Il sera bientôt impossible de sécher ses larmes ou de moucher un petit nez enrhumé avec des mouchoirs de marque Kleenex. L’entreprise américaine Kimberly-Clark a annoncé la fin de ses activités de « papier mouchoir » au Canada dès ce mois-ci. Il y aura moins de concurrence sur le marché, mais « le Québec va pouvoir continuer à se moucher », assurent les détaillants, qui ne voient pas poindre de pénurie à l’horizon.

« Merci beaucoup pour votre fidélité à nos mouchoirs de marque Kleenex au cours des dernières décennies. Nous apprécions que vous nous permettiez d’entrer dans vos foyers et souhaitons que vous sachiez à quel point il nous a été difficile de mettre fin à nos ventes au Canada », peut-on lire sur le site de l’entreprise.
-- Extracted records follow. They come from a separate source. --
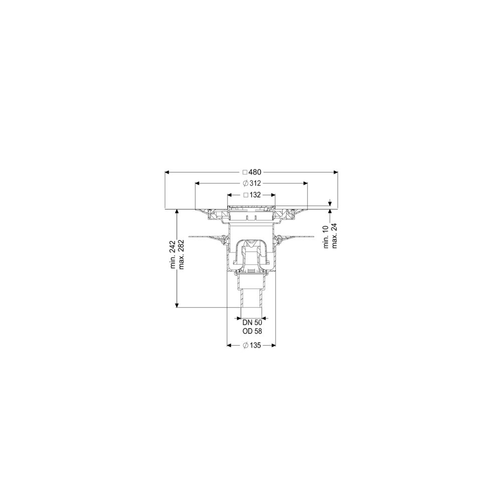 KESSEL Wpust obiektowy Ecoguss kołnier., wielkość nominalna (DN) 50, króciec pionowy, odwodnienie przez odpływ punktowy, syfonem w zestawie, maks. wys. posadzki 24 mm, typ pokrywy Kratka design, regulowany w trzech wymiarach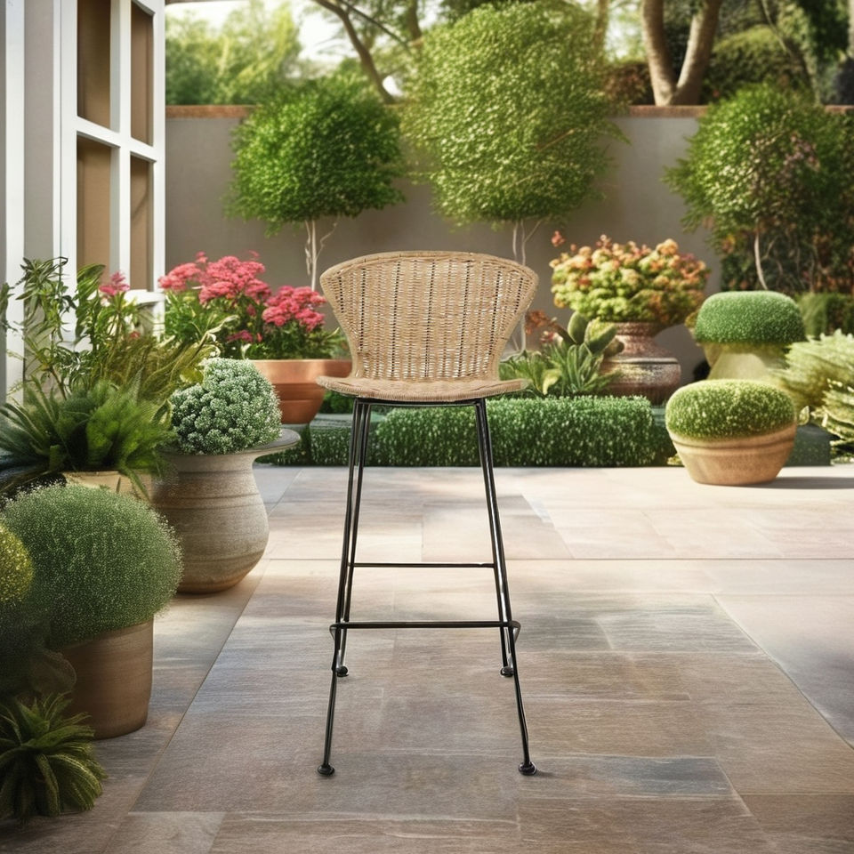เก้าอี้บาร์หวายทนทานสำหรับในร่มกลางแจ้งสะดวกสบายสำหรับโรงแรมห้องนั่งเล่นสวนสาธารณะวิลล่าห้องนอนรับประทานอาหารเฟอร์นิเจอร์กลางแจ้ง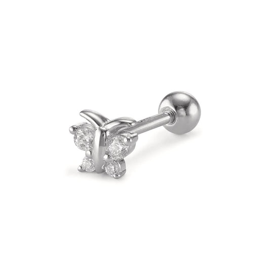 Bauchpiercing Edelstahl Zirkonia weiss, 5 Steine Schmetterling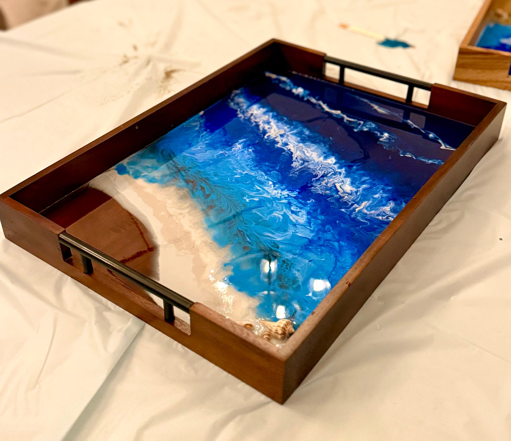 ***Please note that we provide suggested designs for your resin art but you will choose your colors and design. Each piece will be unique.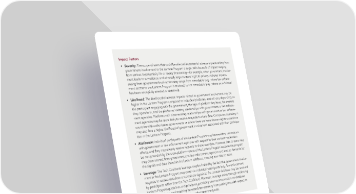 Impact Factors • Severity: The scope of users that could be affected by potential adverse impacts arising from government involvement in the Lantern Program is large, with the scale of impact ranging from serious to potentially life or liberty threatening—for example, when government involve- ment leads to surveillance and adversely impacts users’ right to privacy. Adverse impacts arising from government involvement may range from remediable (e.g., where law enforce- ment access to the Lantern Program is revoked) to not remediable (e.g., where an individual has been wrongfully arrested or detained). • Likelihood: The likelihood of adverse impacts related to government involvement may be higher in the Lantern Program compared to individual platforms, and will vary depending on the participant engaging with the government, the type of platform they have, the markets they operate in, and the platforms’ existing relationships with governments or law enforce- ment agencies. Platforms with close existing relationships with government or law enforce- ment agencies may be more likely to receive requests to share data. Companies operating in countries with authoritarian governments or where there are fewer human rights protections may also face a higher likelihood of government involvement associated with their participa- tion in the Lantern Program. • Attribution: Individual participants of the Lantern Program may have existing interactions with government or law enforcement agencies with respect to their content moderation efforts, and they may already receive requests to share user data. However, risks to users may be compounded by the cross-platform nature of the Lantern Program because the program may draw interest from government and law enforcement agencies and lead to demands for the signals and data shared in the Lantern database, creating new risks to users. • Leverage: The Tech Coalition’s leverage may be limited by the fact that government involve- ment in the Lantern Program may occur via individual participants (e.g., law enforcement requests to receive data from or contribute signals to the Lantern database may be received by participants rather than the Tech Coalition). However, leverage exists through reinforcing Lantern Program guidelines and principles, providing clear communication on database access restrictions, and requiring increased transparency from participants with respect to their response to government and law enforcement requests. BSR TECH COALITION HUMAN RIGHTS IMPACT ASSESSMENT 38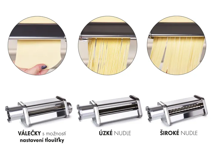 2+1 ZADARMO výrobník na cestoviny, 3 nástavce na výrobu domácich cestovín (široké rezance, úzke rezance, pláty s možnosťou nastavenia ich hrúbky). Materiál: kvalitná nerezová oceľ.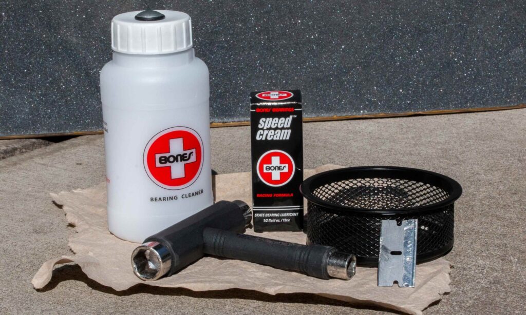 Paten aracı (veya İngiliz anahtarı) Tepsi (donanımı saklamak için) Jilet veya çengelli iğne Bez veya diş fırçası çözücü Kap veya kase (çözücü için) Rulman yağlayıcı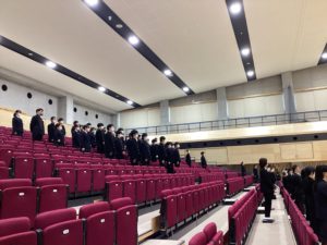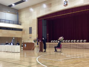 体育館には各クラスの議長・副議長が参加し、他の生徒はZoomでの参加となりました。

Pour justifier sa décision, Kimberly-Clark a invoqué des « complexités uniques ». « Nous opérons dans un environnement d’approvisionnement très [contraignant] et, malgré tous nos efforts, nous avons été confrontés à des complexités uniques dans le secteur des Kleenex », a déclaré Todd Fisher, vice-président et directeur général canadien de Kimberly-Clark, dans un communiqué envoyé par courriel à CBC. « Cette décision nous permettra de réorienter nos ressources pour mieux nous concentrer sur d’autres marques au Canada et répondre aux besoins de nos consommateurs avec une innovation et une valeur continues. »

Déjà, dans nombre de succursales des supermarchés Metro, Super C ainsi que dans les pharmacies Jean Coutu et Brunet, les boîtes de papiers-mouchoirs Kleenex commencent à se faire rares, confirme la porte-parole de Metro, Geneviève Grégoire.

La marque, qui est devenue le nom usuel pour désigner le papier-mouchoir, au même titre que Frigidaire pour « réfrigérateur », ne disparaîtra toutefois pas complètement des rayonnages puisque les « produits professionnels pour le visage » et les « produits d’essuie-mains grand public » signés Kleenex seront toujours offerts. Les autres marques de Kimberly-Clark comme Cottonelle, U by Kotex, Poise, Depend, Huggies, Pull-Ups et Goodnites continueront également d’être vendues au pays.

Marques privées et pénurie

La nouvelle, qui a grandement circulé vendredi, n’a pas surpris les détaillants, déjà au courant de la décision de l’entreprise depuis quelques semaines.

Il a toutefois été impossible de connaître les raisons précises motivant Kimberly-Clark à cesser de les fournir en boîtes de papiers-mouchoirs. L’entreprise n’a pas répondu à nos questions.

« Avant toute chose, il est certain qu’un manufacturier évaluera sa capacité à générer plus de ventes et de profits avant de se retirer d’un marché, rappelle Pascal Leduc, président de Leduc Stratégie et conseil en gestion commerciale. Du point de vue marketing, on cherchera alors la façon de différencier ses produits, surtout face à la marque privée. Si un fabricant conclut qu’il ne peut produire une offre différenciée à bon coût et à valeur ajoutée, il peut choisir de ne pas investir de ressources derrière sa marque ou de la retirer du marché. »

Les marques privées des enseignes étaient-elles devenues difficiles à concurrencer ? « Il est toujours déplorable de voir une marque aussi emblématique disparaître des tablettes, mentionne Johanne Héroux, directrice principale, affaires corporatives et communication, de Loblaw (Maxi, Provigo, Pharmaprix). Je ne peux commenter les raisons qui ont motivé cette décision. Par contre, s’il est vrai que nos produits de marques privées connaissent une popularité grandissante de par leur rapport qualité-prix, il serait inexact de prétendre qu’il s’agit de la principale cause. »

Chose certaine, avec l’automne à venir et la recrudescence des rhumes et autres infections causée par des virus, « le Québec va pouvoir continuer à se moucher », assure Geneviève Grégoire. Metro n’anticipe aucune pénurie de mouchoirs jetables. Même son de cloche du côté de Loblaw.

Pascal Leduc émet pour sa part un bémol. Il rappelle que la disparition d’une marque n’est pas à l’avantage des clients des magasins. « Du point de vue du consommateur, la diminution de la concurrence n’est jamais une bonne nouvelle, car elle peut être suivie d’une hausse de prix et de ruptures de stock des produits restants. »

Cette nouvelle rappelle l’annonce de la disparition de la célèbre pizza surgelée Delissio ainsi que des produits Stouffer’s, Lean Cuisine et Life Cuisine. En février, Nestlé Canada avait décidé de ne plus garnir les congélateurs des épiceries du pays avec ces produits. Il en va de même pour le fromage à la crème de marque Liberté.